SOURCE MATERIAL =>
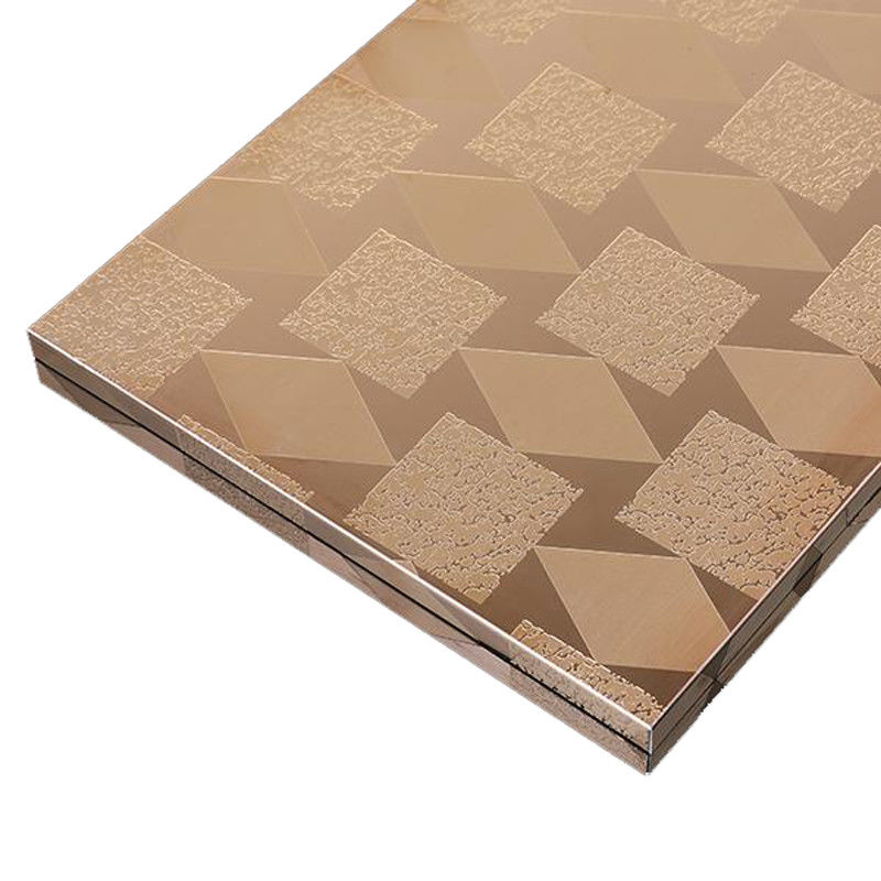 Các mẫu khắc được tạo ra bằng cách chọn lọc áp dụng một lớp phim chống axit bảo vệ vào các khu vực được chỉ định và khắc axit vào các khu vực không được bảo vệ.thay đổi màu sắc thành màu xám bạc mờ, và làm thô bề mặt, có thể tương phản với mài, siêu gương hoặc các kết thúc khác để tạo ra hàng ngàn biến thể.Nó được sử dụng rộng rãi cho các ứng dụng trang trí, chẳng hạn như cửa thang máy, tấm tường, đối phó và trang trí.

* * *

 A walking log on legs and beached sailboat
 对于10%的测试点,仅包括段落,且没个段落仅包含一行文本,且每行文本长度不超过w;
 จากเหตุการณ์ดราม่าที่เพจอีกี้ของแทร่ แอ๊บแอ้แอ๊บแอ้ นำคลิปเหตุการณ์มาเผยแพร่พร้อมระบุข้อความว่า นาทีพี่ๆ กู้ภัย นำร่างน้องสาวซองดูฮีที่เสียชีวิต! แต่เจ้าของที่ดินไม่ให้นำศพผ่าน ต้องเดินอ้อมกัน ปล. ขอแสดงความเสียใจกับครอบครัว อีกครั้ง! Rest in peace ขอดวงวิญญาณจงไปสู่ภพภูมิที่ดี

TASK BRIEF => Write down again, exactly as given, only the lines above that fall from the line with "对于10%的测试点,仅包括段" to the line with "in peace ขอดวงวิญญาณจงไปสู่ภพภูมิที่ดี", inclusive.

RESULT FOR THIS TASK =>
 对于10%的测试点,仅包括段落,且没个段落仅包含一行文本,且每行文本长度不超过w;
 จากเหตุการณ์ดราม่าที่เพจอีกี้ของแทร่ แอ๊บแอ้แอ๊บแอ้ นำคลิปเหตุการณ์มาเผยแพร่พร้อมระบุข้อความว่า นาทีพี่ๆ กู้ภัย นำร่างน้องสาวซองดูฮีที่เสียชีวิต! แต่เจ้าของที่ดินไม่ให้นำศพผ่าน ต้องเดินอ้อมกัน ปล. ขอแสดงความเสียใจกับครอบครัว อีกครั้ง! Rest in peace ขอดวงวิญญาณจงไปสู่ภพภูมิที่ดี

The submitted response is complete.